Tuesday, August 2, 2016

Procedure code 99100, 99116, 99135, 99140 - Billing tips

Anesthesia services are provided under difficult circumstances which may affect the condition of the patient, or present unusual operative conditions and / or risk factors.

Codes and Definitions

99100 Anesthesia for patient of extreme age, younger than 1 year and older than 70 (List separately in addition to code for primary anesthesia procedure)

99116 Anesthesia complicated by utilization of total body hypothermia (List separately in addition to code for primary anesthesia procedure)

99135 Anesthesia complicated by utilization of controlled hypotension (List separately in addition to code for primary anesthesia procedure)

99140 Anesthesia complicated by emergency conditions (specify) (List separately in addition to code for primary anesthesia procedure)

This code is eligible for separate reimbursement at the allowed amount. Separately in addition to code for primary anesthesia proedure. Thi code are assigned a status indicator of "B" (bundled code) on the CMS Physician Fee schedule, and are not eligible for separate reimbursement uder Medicare guidelines. As per CMS, the value for the qualifying circumstances has already been included in the RVUs for the primary anesthesia procedure codes. Payment for these services is always included in payment for other services not sprcified. There are no RVUs or payment amoount for these codes and separate payment is not made.



Reimbursement Guidelines

Commercial lines of business

Effective for claims processed on or after 2/25/2016, Moda Health does not separately reimburse for CPT codes 99100 – 99140. This is based on their status indicator of “B” (bundled code) on the CMS Physician Fee Schedule.

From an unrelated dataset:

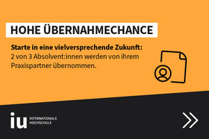 - Höchste Qualität in der Lehre: Dank der IU blickst Du in eine vielversprechende Zukunft. 2 von 3 Absolvent:innen werden von ihrem Praxispartner übernommen. Alle Studiengänge sind staatlich anerkannt.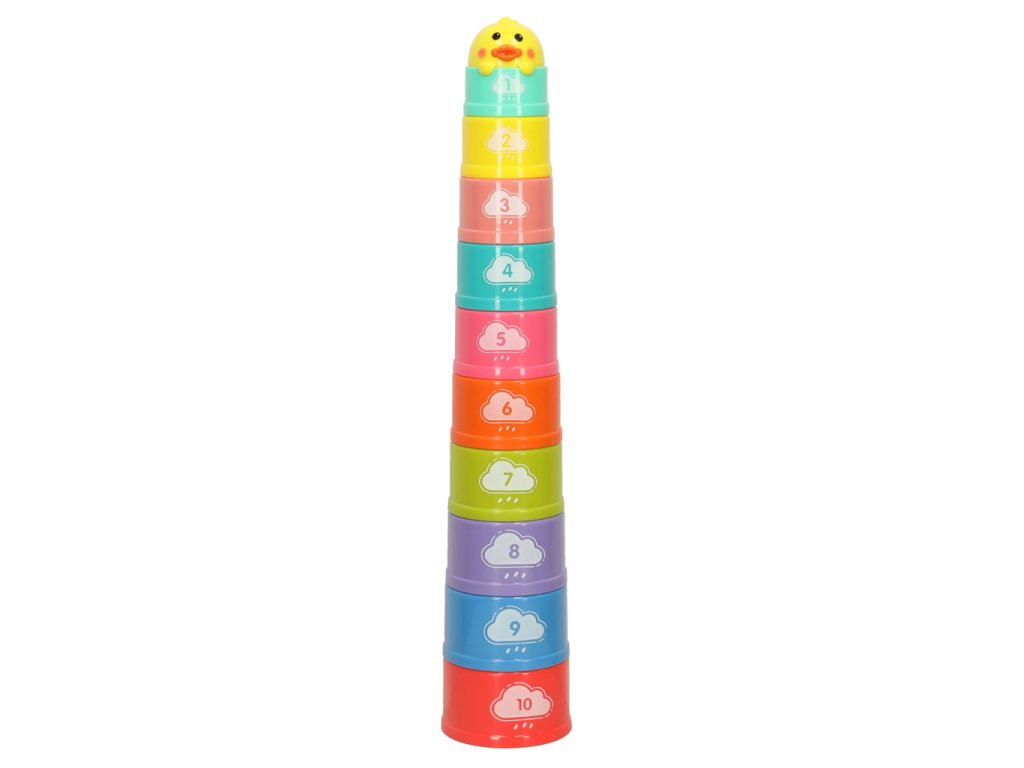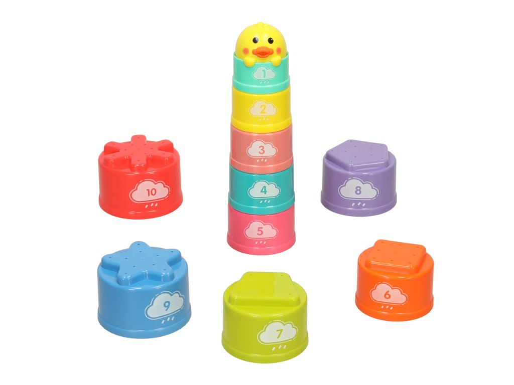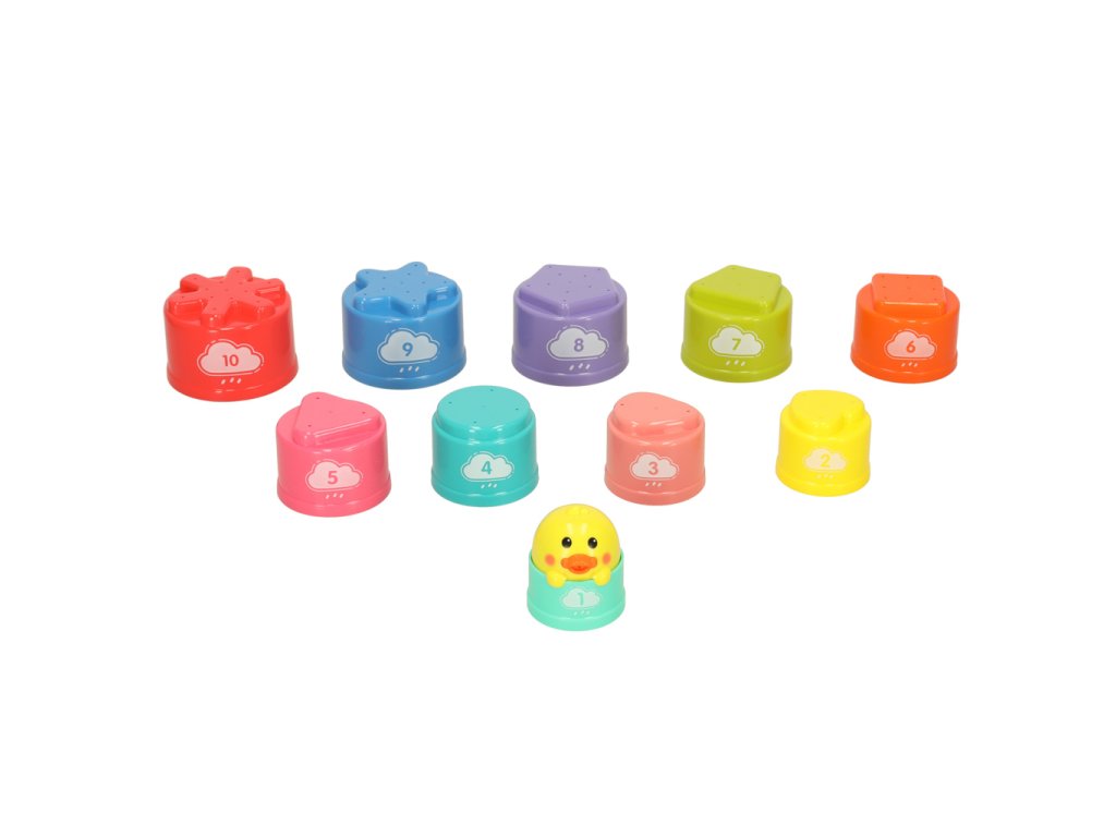Každý šálek liší se velikostí a tvarem základny což podněcuje zvědavost dítěte a podporuje experimentování. Šálky mohou být postaveny nad sebou a vytvořit věž. Stavění rozvíjí přesnost pohybu, koordinaci rukou a očí a logické myšlení.

CPT codes 99100 – 99140 will deny to provider liability with denial codes:

EX: 2M0 Service/supply is considered bundled or incidental. Not eligible for separate payment. Always bundled into a related service.

CARC: 97 The benefit for this service is included in the payment/allowance for another service/procedure that has already been adjudicated.

RARC: M15 Separately billed services/tests have been bundled as they are considered components of the same procedure. Separate payment is not allowed.


99100+ (Anesthesia for patient of extreme age, under 1 year and over 70 {list separately in addition to code for primary procedure}) bundles with 00326 (Anesthesia for all procedures on the larynx and tracheas in children less that 1 year of age), 00834 (Anesthesia for hernia repair in the lower abdomen (not otherwise specified, under 1 year of age) and 00836 (Anesthesia for hernia repair in the lower abdomen not otherwise specified, infants less that 37 weeks gestational age at birth and less than 50 week gestation age at time of surgery).


Claims Example

A Blue Cross member has a cholecystectomy that requires 50 minutes of anesthesia. Due to the fact that the member is over age 70, Procedure  99100 is also billed. The claim submitted by the anesthesiologist to Blue Cross should include the appropriate information explained above. The claim for covered services is processed as follows to determine the Allowable Charge:



The Base Units value should never be included in the “units” field of your claim. 

Procedure  99100 (Payment is based on the allowable charge). The totals noted in each of these examples do not include the payment for the qualifying circumstance Procedure  99100 that was applicable in the example.

Additional reimbursement for Procedure  99100 will be based on the provider’s allowable charge.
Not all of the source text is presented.